Directions for this task: Transcribe the records that follow exactly. Skip the pictures.

Records from a collection
------------

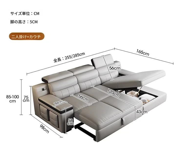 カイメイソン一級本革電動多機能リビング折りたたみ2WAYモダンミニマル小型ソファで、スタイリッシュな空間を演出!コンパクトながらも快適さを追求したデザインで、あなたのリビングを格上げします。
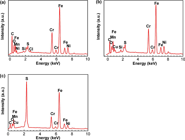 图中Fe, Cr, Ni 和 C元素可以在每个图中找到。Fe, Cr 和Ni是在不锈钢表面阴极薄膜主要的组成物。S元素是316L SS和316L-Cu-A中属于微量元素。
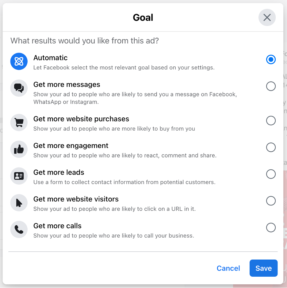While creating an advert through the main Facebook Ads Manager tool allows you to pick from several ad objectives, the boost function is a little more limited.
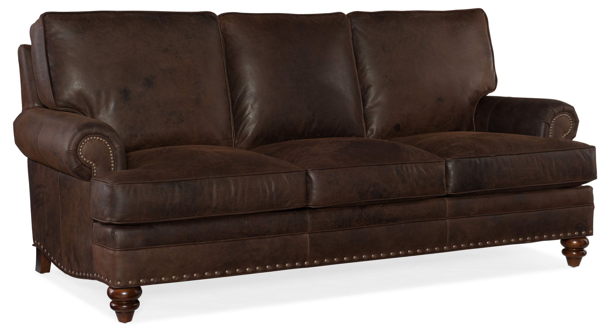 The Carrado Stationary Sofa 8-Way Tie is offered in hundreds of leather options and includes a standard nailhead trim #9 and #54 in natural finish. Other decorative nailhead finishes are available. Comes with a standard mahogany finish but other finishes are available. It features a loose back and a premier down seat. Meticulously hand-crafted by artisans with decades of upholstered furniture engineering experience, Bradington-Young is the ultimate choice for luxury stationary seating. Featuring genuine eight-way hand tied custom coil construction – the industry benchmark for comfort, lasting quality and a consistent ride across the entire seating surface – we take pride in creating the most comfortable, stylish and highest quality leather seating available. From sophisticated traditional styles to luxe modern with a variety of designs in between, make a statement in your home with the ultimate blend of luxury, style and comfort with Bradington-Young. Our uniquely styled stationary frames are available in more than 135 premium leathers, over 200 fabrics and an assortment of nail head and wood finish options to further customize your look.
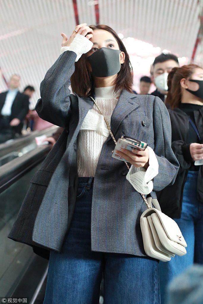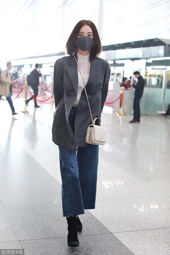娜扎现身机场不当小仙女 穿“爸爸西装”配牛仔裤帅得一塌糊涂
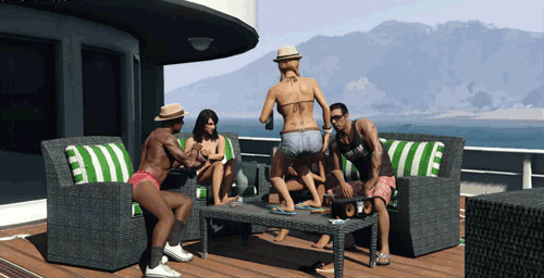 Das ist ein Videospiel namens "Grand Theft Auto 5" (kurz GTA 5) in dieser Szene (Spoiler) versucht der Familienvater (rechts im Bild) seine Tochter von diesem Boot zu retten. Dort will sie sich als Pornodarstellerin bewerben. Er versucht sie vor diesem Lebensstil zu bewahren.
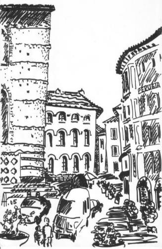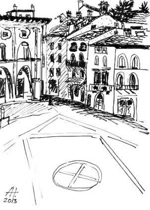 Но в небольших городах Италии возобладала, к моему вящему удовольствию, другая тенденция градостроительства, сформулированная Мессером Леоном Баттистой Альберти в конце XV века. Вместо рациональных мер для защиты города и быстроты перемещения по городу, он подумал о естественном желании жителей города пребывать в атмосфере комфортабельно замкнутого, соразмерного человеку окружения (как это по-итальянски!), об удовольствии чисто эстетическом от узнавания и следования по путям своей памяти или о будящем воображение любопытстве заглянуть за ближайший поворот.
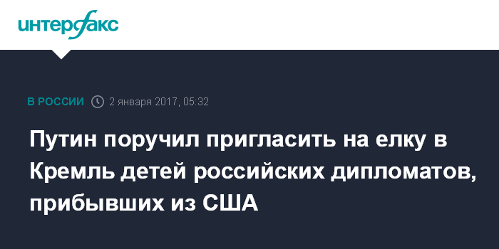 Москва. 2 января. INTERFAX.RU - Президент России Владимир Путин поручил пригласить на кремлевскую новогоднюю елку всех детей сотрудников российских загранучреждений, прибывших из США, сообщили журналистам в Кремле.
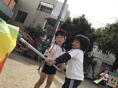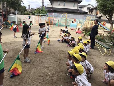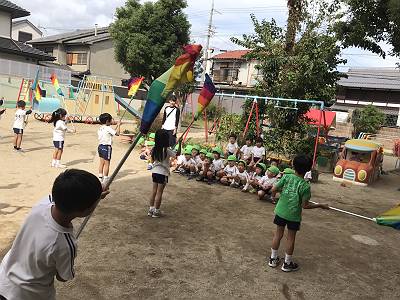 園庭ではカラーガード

------------

Answer below:
 カイメイソン一級本革電動多機能リビング折りたたみ2WAYモダンミニマル小型ソファで、スタイリッシュな空間を演出!コンパクトながらも快適さを追求したデザインで、あなたのリビングを格上げします。
 图中Fe, Cr, Ni 和 C元素可以在每个图中找到。Fe, Cr 和Ni是在不锈钢表面阴极薄膜主要的组成物。S元素是316L SS和316L-Cu-A中属于微量元素。
While creating an advert through the main Facebook Ads Manager tool allows you to pick from several ad objectives, the boost function is a little more limited.
 The Carrado Stationary Sofa 8-Way Tie is offered in hundreds of leather options and includes a standard nailhead trim #9 and #54 in natural finish. Other decorative nailhead finishes are available. Comes with a standard mahogany finish but other finishes are available. It features a loose back and a premier down seat. Meticulously hand-crafted by artisans with decades of upholstered furniture engineering experience, Bradington-Young is the ultimate choice for luxury stationary seating. Featuring genuine eight-way hand tied custom coil construction – the industry benchmark for comfort, lasting quality and a consistent ride across the entire seating surface – we take pride in creating the most comfortable, stylish and highest quality leather seating available. From sophisticated traditional styles to luxe modern with a variety of designs in between, make a statement in your home with the ultimate blend of luxury, style and comfort with Bradington-Young. Our uniquely styled stationary frames are available in more than 135 premium leathers, over 200 fabrics and an assortment of nail head and wood finish options to further customize your look.
娜扎现身机场不当小仙女 穿“爸爸西装”配牛仔裤帅得一塌糊涂
 Das ist ein Videospiel namens "Grand Theft Auto 5" (kurz GTA 5) in dieser Szene (Spoiler) versucht der Familienvater (rechts im Bild) seine Tochter von diesem Boot zu retten. Dort will sie sich als Pornodarstellerin bewerben. Er versucht sie vor diesem Lebensstil zu bewahren.
 Но в небольших городах Италии возобладала, к моему вящему удовольствию, другая тенденция градостроительства, сформулированная Мессером Леоном Баттистой Альберти в конце XV века. Вместо рациональных мер для защиты города и быстроты перемещения по городу, он подумал о естественном желании жителей города пребывать в атмосфере комфортабельно замкнутого, соразмерного человеку окружения (как это по-итальянски!), об удовольствии чисто эстетическом от узнавания и следования по путям своей памяти или о будящем воображение любопытстве заглянуть за ближайший поворот.
 Москва. 2 января. INTERFAX.RU - Президент России Владимир Путин поручил пригласить на кремлевскую новогоднюю елку всех детей сотрудников российских загранучреждений, прибывших из США, сообщили журналистам в Кремле.
 園庭ではカラーガード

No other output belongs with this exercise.